Когда Елена Ивановна вышла, Илья Кузьмич спросил Николая:
– Я вчера тут не наговорил лишнего?
– Да, вроде нет.
– А то мать что-то нынче сердится.
– Вот вы мне скажите, папа, почему вы живете в Радзивилишках, а не дома?
– Так там моя контора, отсюда далеко ехать, считай полдня в дороге.
– А я, думаю, тут другая причина.
– Может, сынок, и есть другая причина, да никому о ней не положено знать. Я скоро вообще переезжаю в Минск и заберу с собой Илью. Будет там учиться в реальном училище и заниматься конным спортом. Денег на дом не хватает, я нашел место, где хорошо платят.
– Пожалейте маму, я думаю, она без вас страдает.
– Я ей предложил поехать со мной в Минск, пожить там хоть немного, а здесь бы Марфа с младшими осталась. Не согласилась, дом не хочет оставлять.
– Папа, я вас очень уважаю, но маму обижать не позволю.
– Ишь, ты, какой храбрый!
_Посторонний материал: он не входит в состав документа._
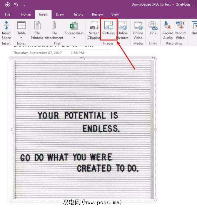 再次使用插入照片选项,将照片添加到新的OneNote页面。
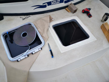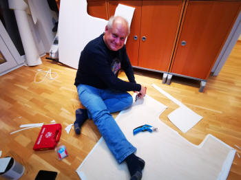 Inzwischen hatte ich ja schon Übung im Abreißen von Verkleidung und neu montieren. Also ging es jetzt im Salon weiter. Auch hier war ein Fenster undicht, was ich neu eingedichtet habe. Ansonsten ging es weiter wie gehabt.
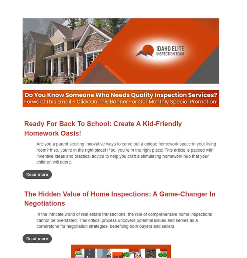 A newsletter is a great way to re-engage with past clients. By keeping them updated with the latest in the home inspection world, you can remind them of your services, leading to potential repeat business.

Молоко еще на губах не обсохло, чтобы поучать отца, – разозлился Илья Кузьмич.
Вдруг он вскочил, как ошпаренный, лицо его побагровело, он сжал кулаки и бросился на сына:
– Ты что это, паршивец, подумал, да как ты только мог, чтобы я матери, да как у тебя только язык повернулся...
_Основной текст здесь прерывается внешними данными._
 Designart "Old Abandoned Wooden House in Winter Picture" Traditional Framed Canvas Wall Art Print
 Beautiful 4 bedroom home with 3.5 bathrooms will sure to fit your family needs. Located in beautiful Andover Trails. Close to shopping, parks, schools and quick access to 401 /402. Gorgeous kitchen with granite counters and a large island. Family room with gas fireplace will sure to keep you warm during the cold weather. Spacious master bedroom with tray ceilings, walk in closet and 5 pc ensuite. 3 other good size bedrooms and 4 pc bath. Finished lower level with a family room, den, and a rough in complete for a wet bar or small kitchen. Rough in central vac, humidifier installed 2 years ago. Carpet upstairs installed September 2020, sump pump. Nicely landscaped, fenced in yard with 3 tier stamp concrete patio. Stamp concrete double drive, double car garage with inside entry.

Он хотел ударить Николая в грудь, но тот успел перехватить его руку.
– Ничего я, папа, не подумал, а сказал то, что считал нужным.
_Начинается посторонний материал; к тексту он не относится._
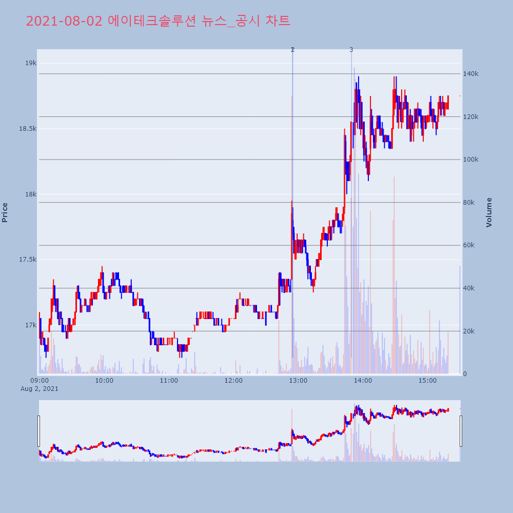 3 | 에이테크솔루션, +9.44% VI 발동에이테크솔루션(071670)이 VI가 발동했다. 전일 | 조선경제 | 에이테크솔루션 | 2021-08-02 13:49:27 |
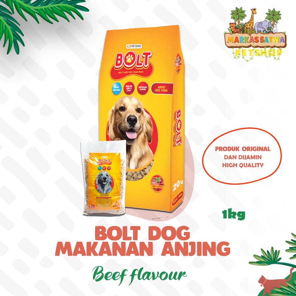 BOLT DOG 1 kg Rasa Beef Atau Lamb Makanan Anjing Kering Premium Dan Murah

– Родному отцу такое, и кто, Миколка, я от тебя такого не ожидал, – он всегда считал Николая самым чутким из всех детей.
Он сел на стул и обхватил руками голову.
– Папа, простите меня, – Николай сам испугался, что натворил: он никогда не видел отца в таком разъяренном состоянии, – просто я тревожусь, что мама здесь живет одна, без вас...
– В другой раз думай, что говоришь, – успокоился отец и уже без всякой обиды посмотрел на сына, – а что за мать беспокоишься – молодец.
Вошла Елена Ивановна с миской льда и стала прикладывать его ко лбу мужа. Тот обнял ее за талию, прижался щекой к ее груди:
– Мать у нас особенная, другой такой нет, – Илья Кузьмич многозначительно посмотрел на сына.
– Нет, – согласился Николай и, поцеловав их обоих, пошел к Илье.
Илья прыгал на своем Солнышке через высокий барьер. Конь, весь взмыленный, никак не хотел брать заданную высоту и задевал верхнюю планку.
– Ну, Солнышко, ну, пожалуйста, ты можешь запросто это перепрыгнуть.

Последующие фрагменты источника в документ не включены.